Я как-то, еще в самом начале знакомства, спросила его:
– Осип Эмильевич, неужели вы правда не верите, что умрете?
И он совершенно серьезно ответил:
– Не то что не верю. Просто я не уверен в том, что умру. Я сомневаюсь в своей смерти. Не могу себе представить. Фантазии не хватает.
Нет, это не было предчувствие. Но жалость к Мандельштаму осталась навсегда.
Через несколько дней я решилась сказать Гумилеву:
– Николай Степанович, знаете, мне кажется, Мандельштаму обидно, что его называют Златозуб и постоянно высмеивают.
Но Гумилев сразу осадил меня:
– Экая правозаступница нашлась! С каких это пор цыплята петухов защищают? И ничего вы не понимаете. Мандельштаму, по-вашему, обидно, что над ним смеются? Но если бы о нем не писали шуточных стихов, не давали бы ему смешных прозвищ, ему было бы, поверьте, еще обиднее. Ему ведь необходимо, чтобы им все всегда занимались.
Я не стала спорить, и Гумилев добавил примирительно:
– Его не только любят и ценят, но даже часто переоценивают. И как не смеяться над тем, что смешно? Ведь Мандельштам – ходячий анекдот. И сам старается подчеркнуть свою анекдотичность. При этом он по-женски чувствителен и чуток. Он прекрасно раскусил вас. И разыгрывает перед вашей жалостливой душой униженного и оскорбленного. Что же, жалейте его, жалейте! Зла от этого не будет ни ему, ни вам…

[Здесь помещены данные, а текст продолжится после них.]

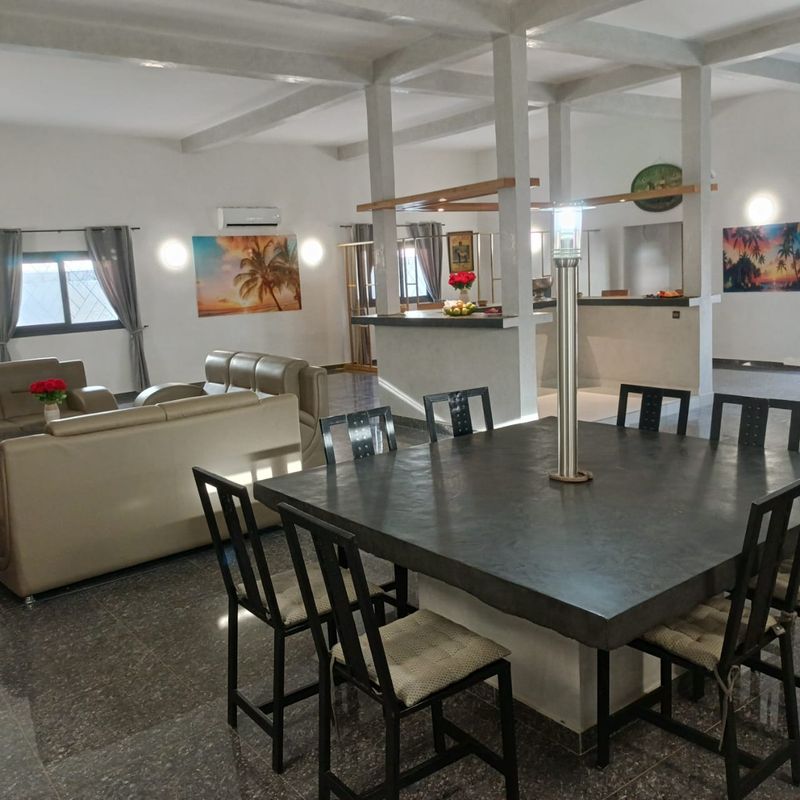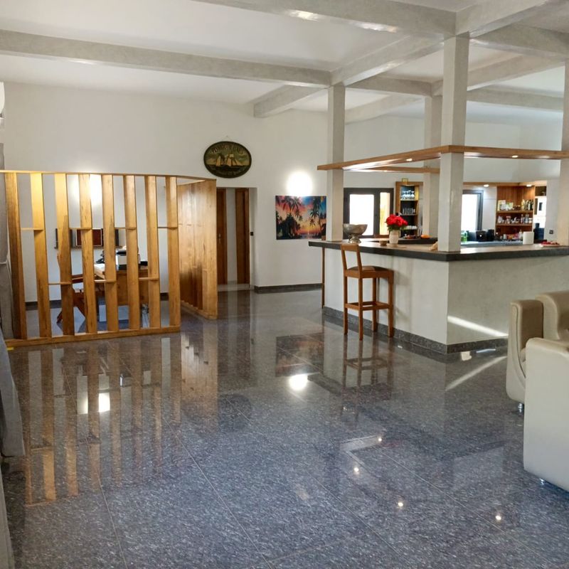 Vaste salon avec bar intégré.
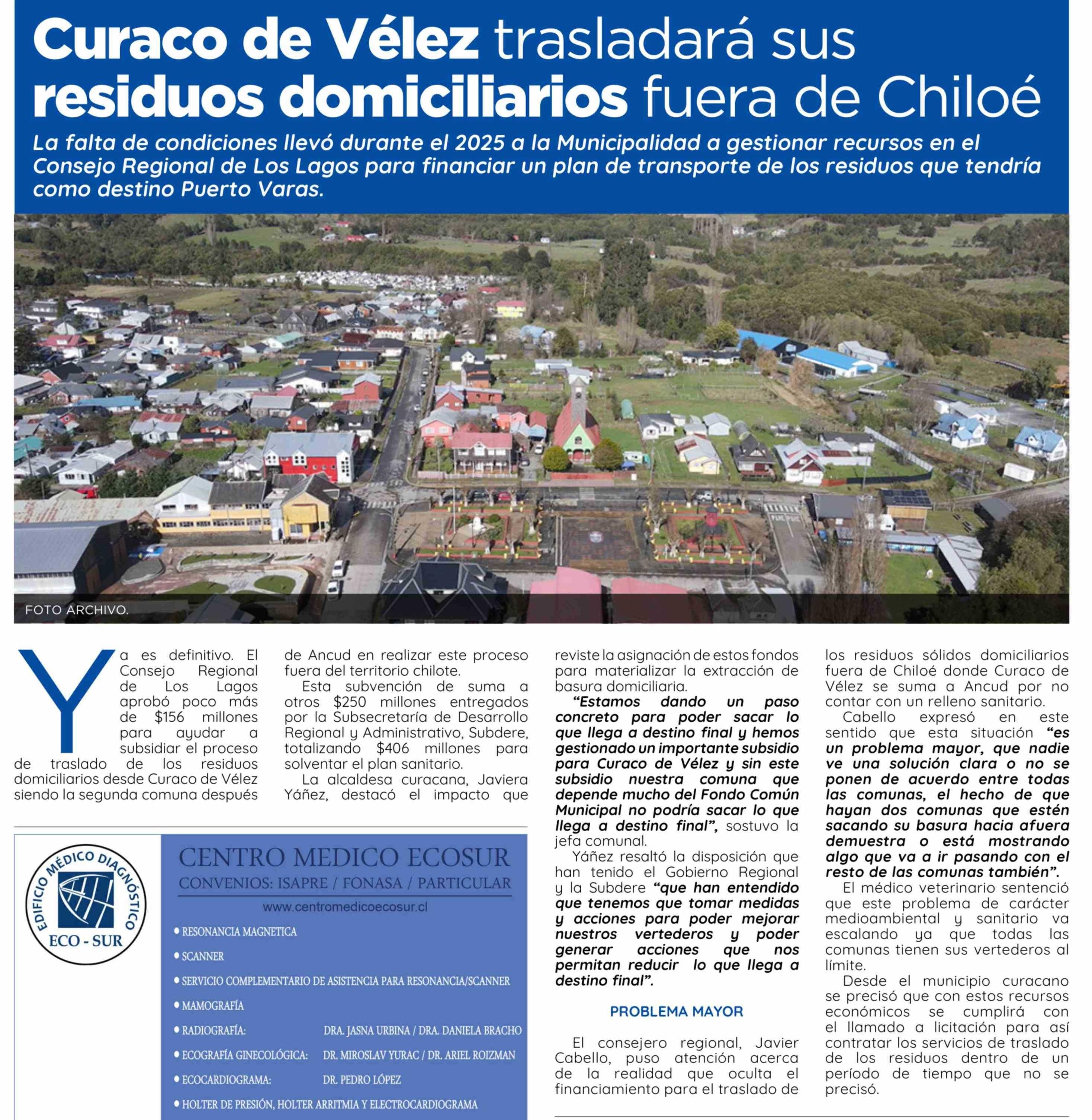 Curaco de Vélez trasladará sus residuos domiciliarios fuera de Chiloé 18-02-2026 El Insular |
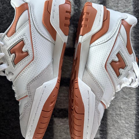 Svært lite brukt New Balance 550 hvite med lilla detaljer. Nypris 1800kr. Bare brukt et par ganger. Ingen slitasje. Overraskende myk såle. Ettersom sålen er hvit, har det kommet litt farge under sålen men ingen andre merker.
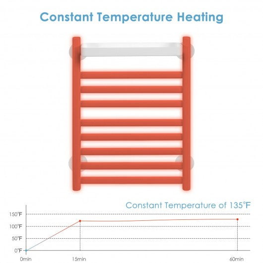 The heated towel rack features fast heating and constant temperature around 122℉ to 135℉ which can provide a warm and clean towel every time you take a shower. Additionally made of high-quality aluminum alloy the towel warmer is durable enough for years of use in daily life. The towel warmer is silent while heating and will not bother your life. 8 horizontal bars and a top tray enable you to hang all of your towels and place more toiletries to create a neat bathroom. It is worth mentioning that the towel warmer is installed on the wall by sticky suckers so that you don't need to punch holes. The modern-style heated towel rack is suitable for your home hotel apartment and spa. High-quality materials ensure long-term service 8 Horizontal bars help you hang towels of different sizes The top tray provides more storage space Reach optimum temperature from 122℉ to 135℉ within 15 minutes Be installed by sticky suckers and don't need to punch holes in the wall Wall-mounted design can take up less space The smooth surface will not be scratched Lightweight design for easy movement Suitable for home hotels spas etc The plug is UL certified for safe use
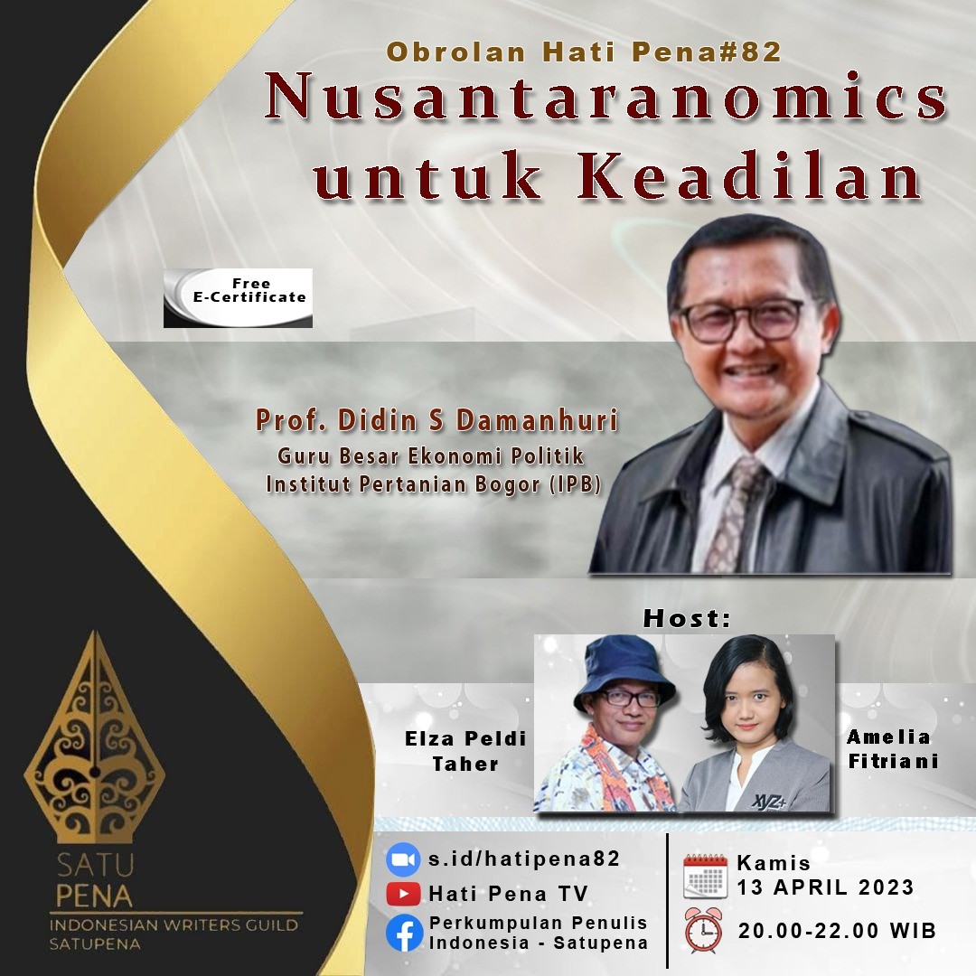 JAKARTA – Perkumpulan Penulis Indonesia, SATUPENA, akan mengadakan diskusi bertema Nusantaranomics untuk Keadilan. Nusantaranomics adalah gagasan yang dikembangkan oleh Prof. Didin S Damanhuri, Guru Besar Ekonomi Politik Institut Pertanian Bogor (IPB).

И вот еще одно воспоминание. Трагикомическое воспоминание. Мандельштам был чрезвычайно добр. Он был готов не только поделиться последним, но и отдать последнее, если его об этом попросят. Но он был по-детски эгоистичен и по-детски же не делал разницы между моим и твоим.
Это была очень голодная зима. Хотя я и научилась голодать за революционные годы, все же так я еще не голодала. Но делала я это весело, легко и для окружающих малозаметно. Я жила в большой, прекрасно обставленной квартире – в Петербурге квартирного кризиса тогда не было и никого не «уплотняли» еще. Я была всегда очень хорошо одета. О том, как я голодаю, знал один только Гумилев. Но он, по моей просьбе, никому не открывал моей тайны. А голодала я до головокружения, «вдохновенно». Мне действительно часто казалось, что голод вызывает вдохновение и помогает писать стихи, что это от голода
- …Так близко подходит чудесное
- К покосившимся грязным домам.
Когда я выходила на улицу, мне иногда казалось, что и небо, и стены домов, и снег под ногами – все дышит вдохновением и что я сама растворяюсь в этом общем вдохновении и превращаюсь в стихотворение, уже начинающее звучать в моей голове.
В один из таких моих особенно «вдохновенных» дней, когда вечером предстояло собрание Цеха, я по пути в Диск, где заседал Цех, зашла в Дом литераторов за своей кашей, составлявшей для меня сразу и завтрак, и обед, и ужин. Я решила, что перед Цехом необходимо поесть попозже. В вестибюле Дома литераторов меня встретил Ирецкий.
– Вас-то мне и надо! – приветствовал он меня. – Пойдемте ко мне в кабинет, решим, когда вы будете выступать на следующем вечере. В первом или втором отделении?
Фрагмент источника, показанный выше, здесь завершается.